Thousands of studies assert the importance of father involvement, as well as the risks for boys and girls who grow up without their fathers, said Roland Warren, president of the National Fatherhood Initiative (NFI).

Children who live in single-parent homes have double the risk of physical, emotional or educational neglect, compared with children living with both parents, he said. Boys born to unmarried mothers are 2 times more likely to become incarcerated, and children who live in homes without their fathers are 32 percent more likely to smoke, drink or use drugs, according to research cited by NFI.

“The deeper, possibly unintentional, message to boys [in Mrs. Drexler’s book] is that you can get as many women pregnant as you want — no need for you to be involved, responsible and committed — just make sure you’re available for someone else’s boy to be a ‘male role model,’” Mr. Warren said.

Mrs. Drexler’s book, released this month, arrives amid mounting evidence that America’s families are changing.

Census Bureau data released this month show that nuclear-family homes were the most common kind of U.S. household in 1990, but were outnumbered by single-adult homes by 2000.

The census report also showed that, of the 20 most common kinds of U.S. households in 2000, at least four featured children but no spouse. The data confirm a “growing complexity” in the way Americans live, census researchers wrote.

Census 2000 data also indicate that at least 250,000 children live with homosexual couples, Gary J. Gates wrote in the Gay & Lesbian Atlas, issued in 2004 by the Urban Institute. This number is unrealistically low, he said, because the census doesn’t identify children who live with single homosexual parents or who visit, but do not live with, homosexual couples.

Mrs. Drexler’s study began in 1996 when she decided to explore single-mothering and sons. She started with 16 lesbian couples and 16 father-mother families with sons ages 5 to 9, all from the San Francisco Bay area. She later added 30 single mothers “by choice” and 30 single mothers “by circumstance.”

Mrs. Drexler found that sons raised by mothers were self-assured, appropriately boyish — “not sissies or mama’s boys” — and into sports. Mother-raised sons also participated in chores; had warm, respectful relationships with their mothers; and had male figures in their lives.

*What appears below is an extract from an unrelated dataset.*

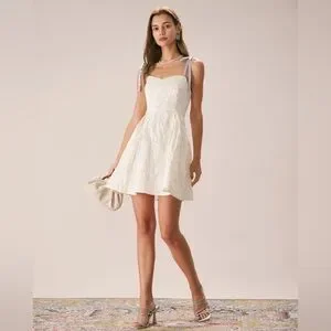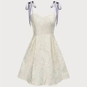 Rihoas Off White Jacquard Tie Strap Mini Dress
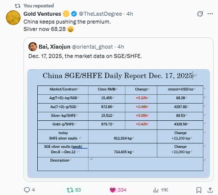 China’s SHFE is draining and trading at a premium = Asia is physically pulling silver East.

“It’s not that they feel men are unimportant or dispensable — quite the contrary. These mothers bring men into their boys’ lives,” said Mrs. Drexler, who is continuing to study the boys as they progress through adolescence.

Jennifer Chrisler, executive director of Family Pride Coalition, an advocacy and support group for same-sex parents, welcomes Mrs. Drexler’s work. It joins an “ever-increasing volume of research” showing that children raised by two moms or two dads are “on par” with children raised in heterosexual families, said Ms. Chrisler, who is raising twin sons with Cheryl Jacques, the former head of the Human Rights Campaign.

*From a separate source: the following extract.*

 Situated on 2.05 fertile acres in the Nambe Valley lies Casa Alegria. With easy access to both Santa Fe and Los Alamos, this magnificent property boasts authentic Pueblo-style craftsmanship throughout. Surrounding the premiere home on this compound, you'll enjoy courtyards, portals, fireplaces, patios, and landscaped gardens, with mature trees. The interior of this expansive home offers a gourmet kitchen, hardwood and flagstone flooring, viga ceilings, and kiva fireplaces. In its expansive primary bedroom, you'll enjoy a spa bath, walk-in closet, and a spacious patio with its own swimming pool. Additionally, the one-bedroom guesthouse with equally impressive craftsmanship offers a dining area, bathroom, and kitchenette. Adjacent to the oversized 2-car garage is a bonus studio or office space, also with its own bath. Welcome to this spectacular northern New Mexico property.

Andrea Engber, co-author of “The Complete Single Mother,” also is thrilled with Mrs. Drexler’s work, since she “always knew” that single moms can raise boys very well.

Boys raised only by moms often talk about how hard their moms worked to raise them and how connected they are and how much they love them, says Mrs. Engber, who now is married, but still runs a Web site for the group she founded, the National Organization of Single Mothers.

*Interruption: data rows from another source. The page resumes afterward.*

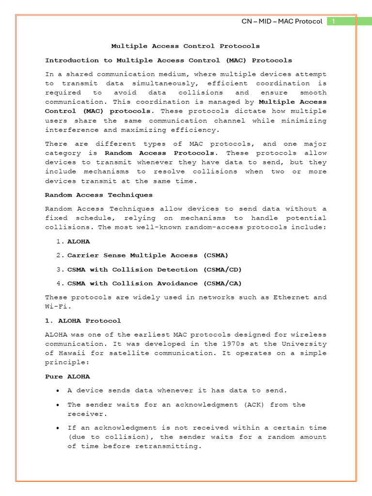 ALOHA was one of the earliest MAC protocols designed for wireless
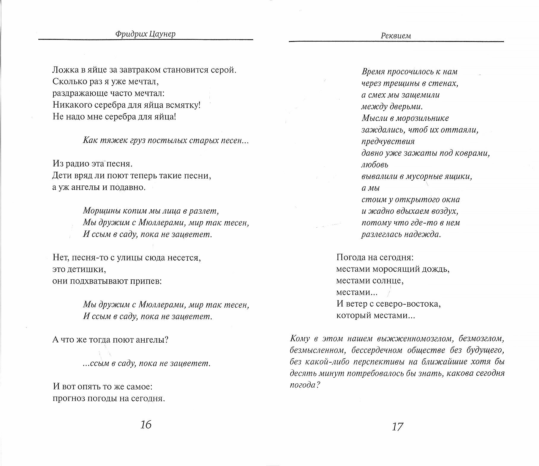 Поэма "Реквием", в которой стихотворная виртуозность Цаунера соединилась с адекватным выражением его мировоззрения и самоощущения в сегодняшнем мире, является шедевром австрийской лирики XXI века.
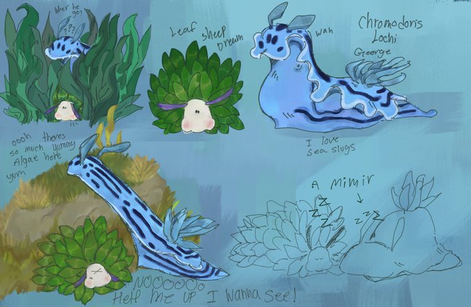 Sea slugs go on adventures together UNTIL SOMETHING EATS THEM [#dnffanart #georgenotfoundfanart #dreamfanart ]
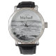 This watch features a beautiful black and white photo of a very wavy Atlantic Ocean shore and customisable name.
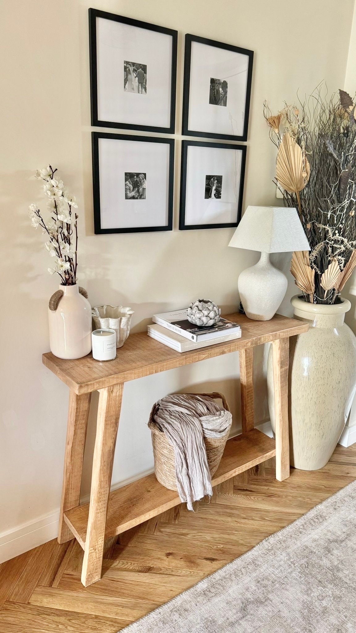 This is our rustic solid wooden console side table, this versatile piece seamlessly merges functiona...
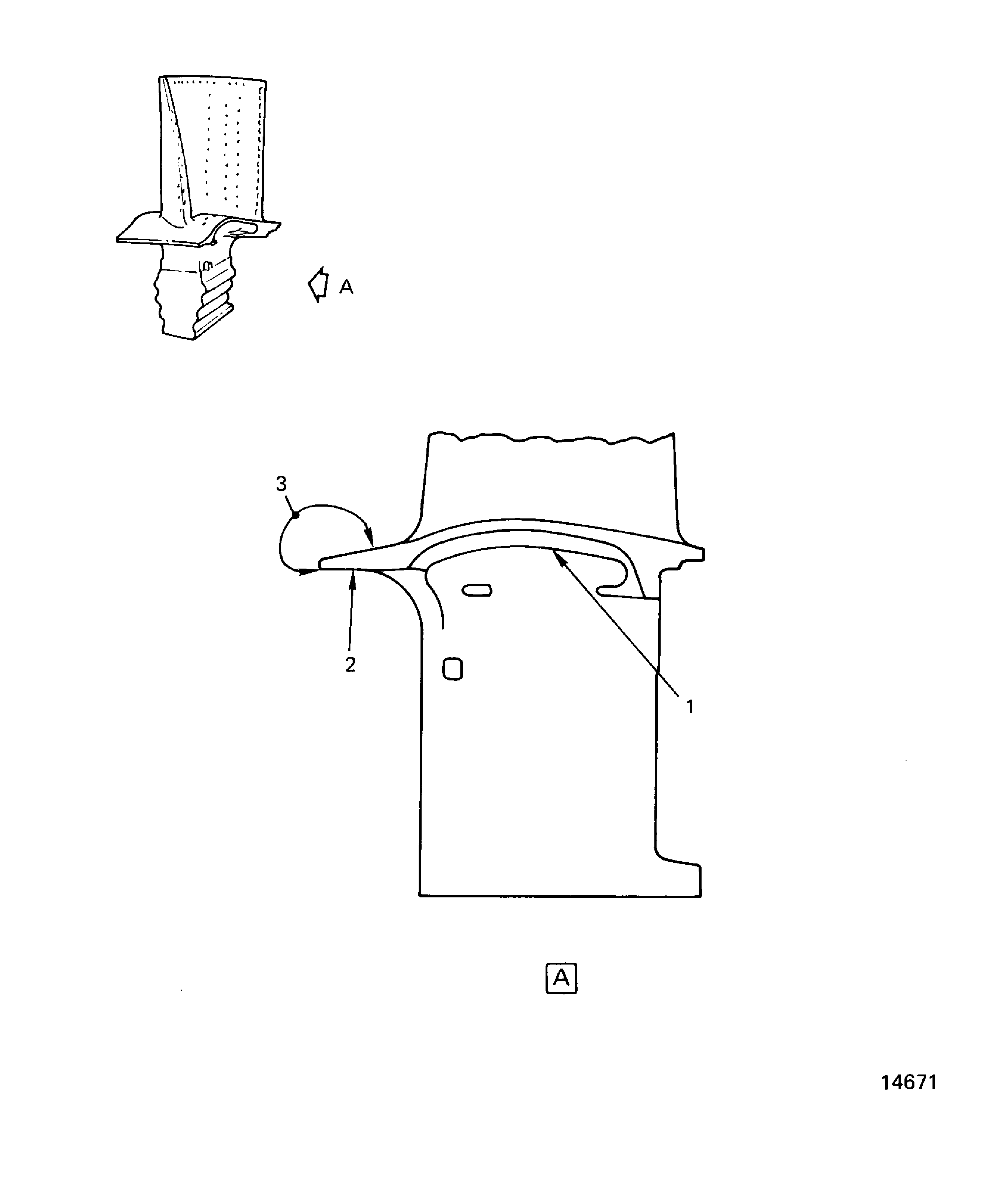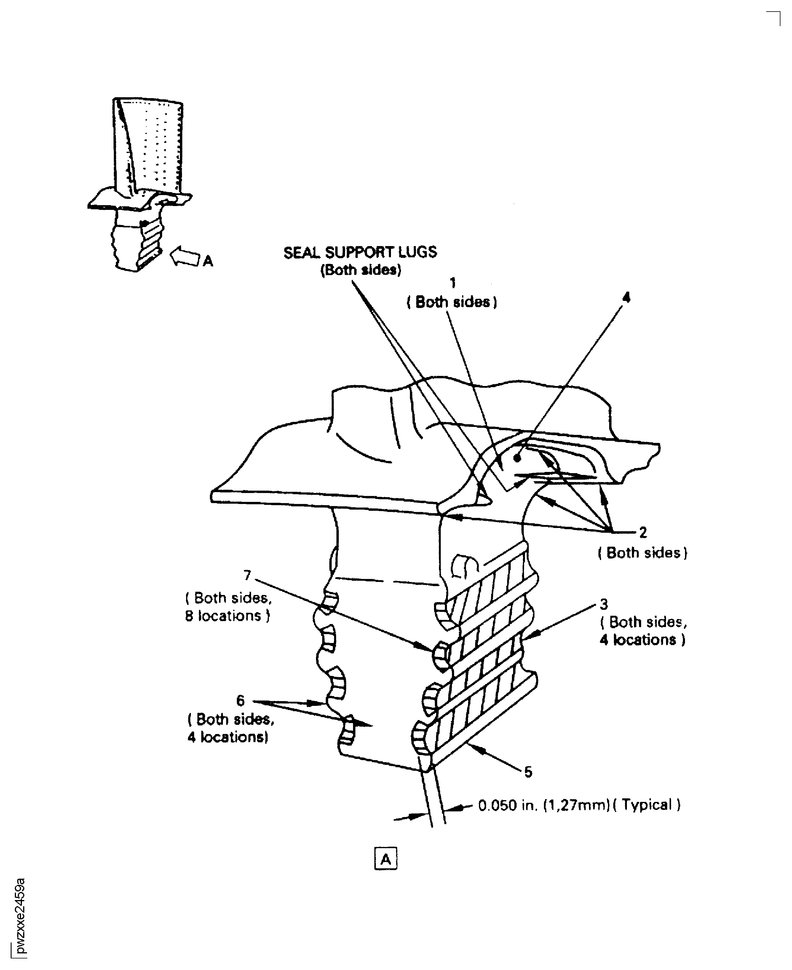 Examine the blade root attachment area for pitting, nicks and cracks at locations 2, 3 and 7. Use a white light and a 10X magnification to examine for cracks.
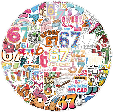 Six Seven Stickers 50Pcs, Funny 6 7 Stickers Waterproof Vinyl Gifts for Phone, Water Bottle, Luggage, Laptop, Adults Teens
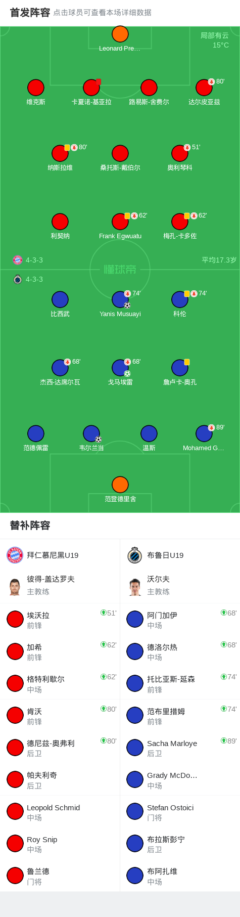 布鲁日U19 3-0大胜拜仁慕尼黑U19,韦尔兰当建功,Yanis Musuayi破门

Single moms, she says, “never believed these statistics that we’re raising these horrible monsters.”

However, syndicated columnist Maggie Gallagher, a former single mother, says Mrs. Drexler’s conclusions defy “common sense, the human heart and social science.”

Single mothers “can successfully raise a son or daughter outside of marriage,” she said, “but those children will be at greater risk, and they will almost certainly experience a powerful longing for their fathers.”

To say otherwise, Mrs. Gallagher says, ignores the mountain of social science that says “children do best when their own father and mother are raising them in a decent marriage.”